Tuples are ordered and heterogenous, but they are immutable.

tup = ("python", 1.1, 3)      # create

tup = tuple(lst) ,   tup = tuple(str),   tup = (3,)   # create

tup[0], tup[-4:-1]  # access

a, b, c = tup  #  unpacking

Addition to a tuple can be done in 2 ways - by concatenation, or by converting to list and append.

Tuple3 = Tuple1 + Tuple2    #   concatenation. 

No update or reassign can be done on tuple since immutable.

del tup  # delete

tup.index(), tup.count()    # methods to find

len(tup), any(tup), all(tup), max(tup), sorted(tup)   #   functions on tuple  # sorted returns list

Methods that cannot be used for tuples:   append(), insert(), remove(), pop(), clear(), sort(), reverse()

for i in tup:    # loop

tup1=(1,2,3), tup2=(1,2,3), tup1 is tup2    # returns false

tup = ( )   # empty tuple

3. Set

Sets are unique, unordered, heterogenous and mutable. But a set cannot have mutable elements like lists, sets, or dictionaries (Strings and tuples are immutable along with all primitives)

Set = {'A', 'B', 'C', 'D'}     #   create

Set = set(lst), Set = set(tup)    # create

for x in Set:      # loop

We cannot read from set using index.

Set.add('E')     # insert

Set.update(set1)    #   concatenate

Set.update(lst)

set2 = Set.union(set1)  # concatenate with assignment

Set.remove('D')     # delete

Set.discard('D')

Set.pop()    # cannot give index

Set.clear()

del Set

len(Set), all(Set), any(Set), sorted(Set)     # built-in functions

max(Set), sum(Set) for homogeneous 

set2 = Set.intersection(set1)    # common elements

Set.isdisjoint(set1)     # True if no common elements

set2 = Set.difference(set1)     # minus

set2 = Set.symmetric_difference(set1)   # exclude common

set1.issubset(Set) 

set1 = Set.copy()

Cannot use Set={ } for empty set since that becomes a dictionary.
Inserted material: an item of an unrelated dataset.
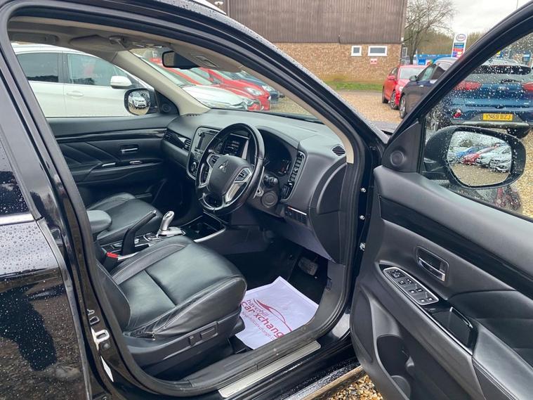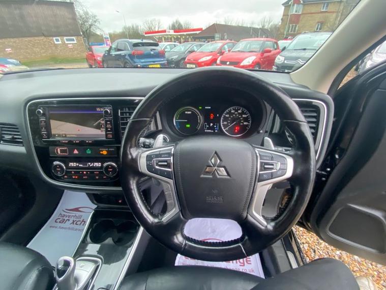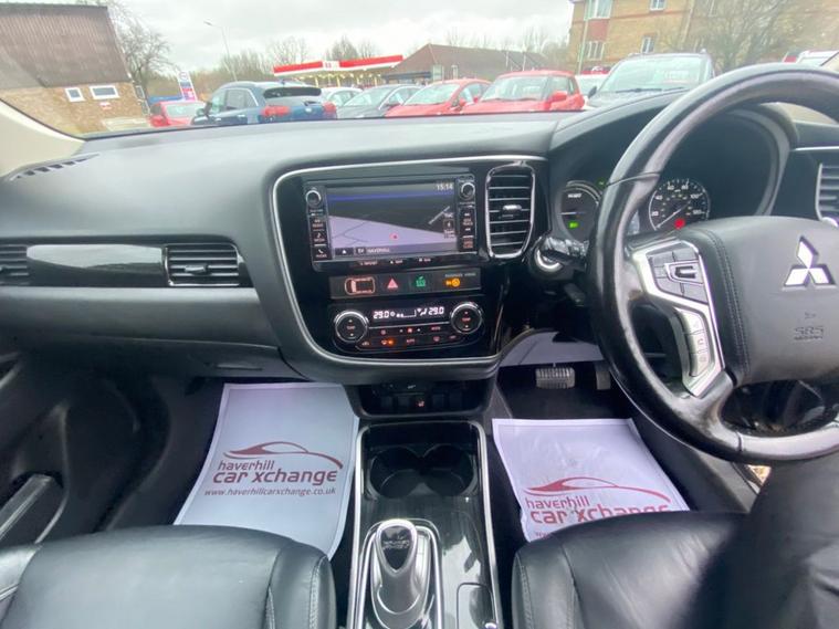 AUTOMATIC+SATELLITE NAVIGATION SYSTEM+DAB DIGITAL RADIO-CD-MP3 PLAYER+BLUETOOTH HANDSFREE+DUAL ZONE CLIMATE CONTROL AIR-CONDITIONING+HEATED LEATHER UPHOLSTERY+HEATED MULTIFUNCTION STEERING WHEEL+PANORAMIC GLASS ROOF+AUTOMATIC HEADLIGHT ACTIVATION WITH LIGHT SENSOR+FRONT & REAR PARKING ASSISTANCE WITH PARKING CAMERA+AMETHYST BLACK PAINT+18 INCH ALLOY WHEELS. At Haverhill Car Xchange we would like of offer you our AUTOMATIC Mitsubishi Outlander which has been finished in a Amethyst Black paint with luxurious HEATED Black leather upholstery. Excellent Specification Includes a 7 Inch Touchscreen Display Satellite Navigation System, PAN European Mapping, DAB Digital Radio-CD-MP3 Compatibility, Bluetooth Handsfree Telephone, iPod Compatibility, USB Connection, 12 Volt Power Socket, Dual Zone Climate Control Air-Conditioning, Cruise Control, ECO Mode Switch, Front and Rear Electric Windows, Body Coloured Bumpers/Door Handles and Door Mirrors with Integrated Side Indicators, Automatic Headlight Activation with Tunnel Detection, LED Daytime Running Lights, Follow-Me-Home Headlights, Front Fog Lights, High Mounted Break Light, Heated Seats, Heated Multifunction Steering Wheel, Front and Rear Parking Assistance with Parking Camera, Electric Glass Sunroof, Rear-View Auto Dimming Mirror, Power Assisted Steering, Hill Start Assist, ABS Breaking System, Airbags, Alarm, Immobiliser, Remote Central Locking and ISOFIX Anchorage Points for Child Seats.

set1={'abab'} gives {'abab'}

set2=set('abab') gives {‘b’, ‘a’}

4. Dictionary

They store values in key-value pairs.  They are ordered (from Python 3.7) with unique keys. They are mutable. But their keys should be immutable.

dic = {'a':1,'b':2,'c':3}   #   create

dic = dict(a = "John", b = 36, c = "Norway")    #      create with equal to and no quotes for keys

dict[lst]    

dic['a'], dic.get('a')      #    access

dic = { }   #  empty dictionary

dic.keys()  ,   dic.values()

dic['a'] = 5      #    add ,  reassign ,   update

dic.pop('a') ,  del dic,  dic.clear() , dic.popitem()    #   delete

for i in  dic:      # loop keys

for x, y in dic.items():

dic.copy(),  dict(dic)    #  copy

Nested dictionary has dictionary as value, accessed as  dict['a']['age']

len(dic), any(dic),  all(dic), sorted(dic)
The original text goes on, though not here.